TensorRt inference is taking 1.5 sec to inference a single frame.i want to speed up my inference

kalyanichagala11 · March 13, 2023, 1:54pm

Description

here is my tensorrt inference script.
with this script, inferencing one frame it is taking 1.5-sec which means 0.5fps. I want it t have a better fps.
I’m sharing my script below.

particularly,context.execute(batch_size=1, bindings=[int(d_input_1), int(d_output)])
this line is taking 1.4sec to run

import tensorrt as trt
import pycuda.driver as cuda
import pycuda.autoinit
import numpy as np

def allocate_buffers(engine, batch_size, data_type):

“”"
This is the function to allocate buffers for input and output in the device
Args:
engine : The path to the TensorRT engine.
batch_size : The batch size for execution time.
data_type: The type of the data for input and output, for example trt.float32.

Output:
h_input_1: Input in the host.
d_input_1: Input in the device.
h_output_1: Output in the host.
d_output_1: Output in the device.
stream: CUDA stream.

“”"

Determine dimensions and create page-locked memory buffers (which won’t be swapped to disk) to hold host inputs/outputs.

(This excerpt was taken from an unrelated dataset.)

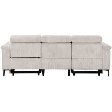 Denne tresædede sofa kombinerer komfort og moderne teknologi. Den er lavet af blødt fløjlsstof, der giver det et hyggeligt og stilfuldt look. Sofaen har to elektriske hvilestole en på hver side for ubesværet afslapning. Hvilestolene justeres jævnt uden trin, og ryglænet og fodsektionen bevæger sig sammen for maksimal komfort. Den justerbare nakkestøtte tilbyder fem forskellige positioner til at støtte dit hoved og nakke. Sofaen er stærk og stabil med fire robuste metalben i grå og tolv sorte støtteben for ekstra forstærkning. Den kan holde op til 450 kg, og hvert sæde kan bære 150 kg. Denne sofa er et godt valg til ethvert hjem.

h_input_1 = cuda.pagelocked_empty(batch_size * trt.volume(engine.get_binding_shape(0)), dtype=trt.nptype(data_type))
h_output = cuda.pagelocked_empty(batch_size * trt.volume(engine.get_binding_shape(1)), dtype=trt.nptype(data_type))

Allocate device memory for inputs and outputs.

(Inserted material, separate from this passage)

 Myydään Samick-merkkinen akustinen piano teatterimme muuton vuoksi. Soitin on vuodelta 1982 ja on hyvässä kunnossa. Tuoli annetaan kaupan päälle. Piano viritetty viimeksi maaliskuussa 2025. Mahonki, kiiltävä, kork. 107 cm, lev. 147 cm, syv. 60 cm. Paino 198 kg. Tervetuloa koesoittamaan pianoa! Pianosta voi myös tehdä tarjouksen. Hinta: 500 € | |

d_input_1 = cuda.mem_alloc(h_input_1.nbytes)

d_output = cuda.mem_alloc(h_output.nbytes)

Create a stream in which to copy inputs/outputs and run inference.

stream = cuda.Stream()
return h_input_1, d_input_1, h_output, d_output, stream

def load_images_to_buffer(pics, pagelocked_buffer):

preprocessed = np.asarray(pics).ravel()
np.copyto(pagelocked_buffer, preprocessed)

def do_inference(engine, pics_1, h_input_1, d_input_1, h_output, d_output, stream, batch_size, height, width):

“”"
This is the function to run the inference
Args:
engine : Path to the TensorRT engine.
pics_1 : Input images to the model.
h_input_1: Input in the host.
d_input_1: Input in the device.
h_output_1: Output in the host.
d_output_1: Output in the device.
stream: CUDA stream.
batch_size : Batch size for execution time.
height: Height of the output image.
width: Width of the output image.

Output:
The list of output images.

“”"

load_images_to_buffer(pics_1, h_input_1)

with engine.create_execution_context() as context:

Transfer input data to the GPU.

cuda.memcpy_htod_async(d_input_1, h_input_1, stream)

   # Run inference.

   context.profiler = trt.Profiler()
   context.execute(batch_size=1, bindings=[int(d_input_1), int(d_output)])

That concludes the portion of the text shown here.